Тисса коснулась моего плеча и показала взглядом на дверь. Ей тоже хотелось уйти.
– Я замерзла, – прошептала она.
Я кивнул в ответ, оглянулся на Дика и Джейка. Судя по напряженным лицам и сгорбленным спинам, им также стало не по себе, и оба поспешили согласиться на мое предложение покинуть молитвенный зал.
Пение труб и перезвон колокольчиков остались за спиной. Мимо, хихикая, пробежали две худые девчонки-туристки, опоздавшие на службу и теперь спешащие попасть хотя бы на ее окончание. Джейк проводил их равнодушным взглядом. Дик все еще сутулился, глубоко засунув руки в карманы.
– Жаль, что у нас нет никакой религии, – мечтательно произнесла Тисса, выходя из здания монастыря.
– Когда нет души, религия не нужна – нечего спасать, – отозвался Джейк. Похоже, он слегка отдохнул во время службы, и голос его звучал бодро, даже весело.

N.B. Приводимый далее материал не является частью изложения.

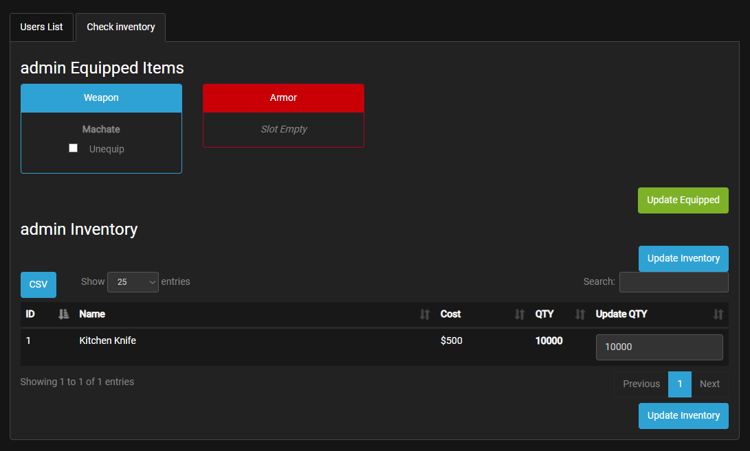 This mod allow you to view, Update, give items, unequip slots from your game users.

Конфессий у нас действительно не было. Наше общество не могло принять мистических постулатов – оно было слишком рационально для этого. И не желало тратить силы на пустое времяпрепровождение.
– Ни у одного из этих монахов ее тоже вроде нет. – Дик оглянулся.
– Они верят в существование не души, а временной сущности, поселенной в каждом теле, – сказал я, указывая на смутно видимую тропинку, по которой мы могли быстрее дойти до лоджа в густеющих сумерках.
– А как приятно было бы иногда посидеть в таком красивом месте, послушать музыку… – продолжила рассуждать Тисса. А потом улыбнулась. – Кстати, скажите, это только у меня здесь возникли всякие эротические фантазии?
– Какие, например? – заинтересовался Джейк, обнимая ее за талию. Но, видимо вспомнив о моем предостережении, убрал руку и тут же, рассердившись на себя за подобное малодушие, вновь властно привлек девушку к себе.
Я промолчал.
Дик сделал вид, что ничего не замечает.
Проводив спутников до лоджа, где Тшеринг занял для нас комнаты, я направился к покосившемуся строению, предназначенному для носильщиков. Несколько кайлатцев уже расположились возле него, покуривая самокрутки и распивая крепкий чанг. Это было их обычное занятие после работы.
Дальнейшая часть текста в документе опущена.